A useful spot check on the correctness of the zero rates calculated from a bootstrap calculation is to reprice all the bonds used in the calculation. In every case, setting the coupon of the bond to the par yield for that bond's maturity should give a price of 100 (par value).

### Implementation

Flametree Technologies have a conversion utility available to our customers that reads par curves from Excel spreadsheets, calculates par curves and stores the results in a format usable by FIA.

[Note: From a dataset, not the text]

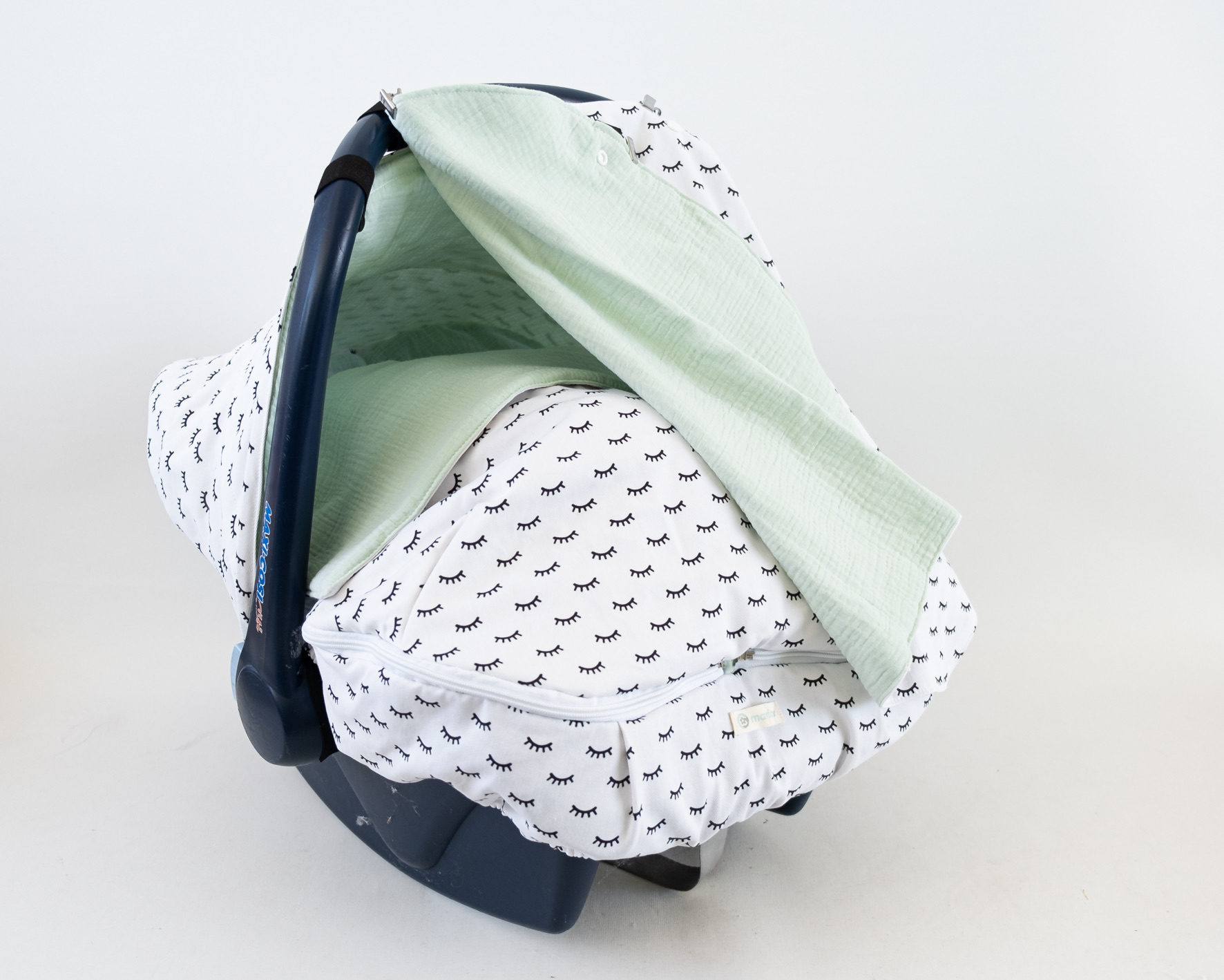 A capota OPCIONAL exclusiva criada pela Maria Café adapta-se à generalidade dos ovinhos. É feita em tecido 100% algodão, duplo para maior protecção. Além disso, tem a grande vantagem de deixar livre a pega do ovinho, permitindo segurá-lo pela pega e transportá-lo pendurado no braço.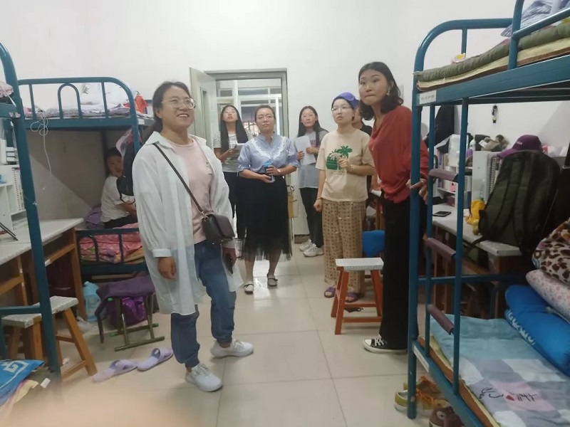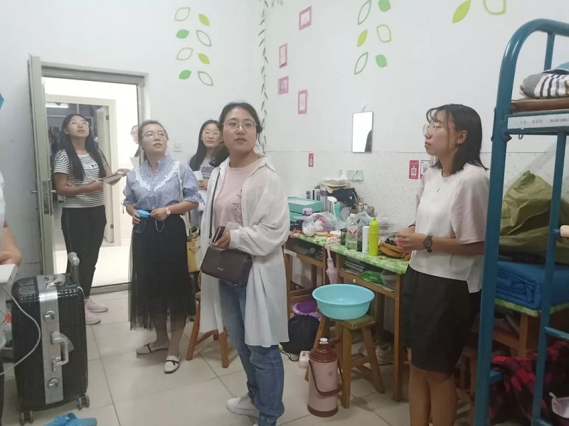 老师们询问各班学生返校情况,细心查看宿舍安全情况,并嘱咐同学们要注意宿舍内务卫生情况,为自己学习、生活营造良好氛围。

## Constant maturity curves

Some data providers (notably, the US Department of the Treasury Resource Center, www.treasury.gov) make sovereign curve data available in the form of constant maturity treasury (CMT) rates. These are described as follows:

*These rates are commonly referred to as "Constant Maturity Treasury" rates, or CMTs. Yields are interpolated by the Treasury from the daily yield curve. This curve, which relates the yield on a security to its time to maturity is based on the closing market bid yields on actively traded Treasury securities in the over-the-counter market. These market yields are calculated from composites of quotations obtained by the Federal Reserve Bank of New York. The yield values are read from the yield curve at fixed maturities, currently 1, 3 and 6 months and 1, 2, 3, 5, 7, 10, 20, and 30 years. This method provides a yield for a 10 year maturity, for example, even if no outstanding security has exactly 10 years remaining to maturity.*

Although not clearly stated on the Federal Reserve's website, CMT yields are yields to maturity, the coupons for the bonds to which the yields refer are the constant maturity yields, and the prices are par (Whaley, Robert E.; *Derivatives markets, valuation, and risk management*, Wiley, 2006). For instance, the coupon of a 10 year constant maturity bond is its quoted CMT yield, and its price is 100. This allows the CMT curve to be treated as a par curve, and a conversion routine such as that shown in the previous section will allow extraction of zero coupon yields from CMT yields.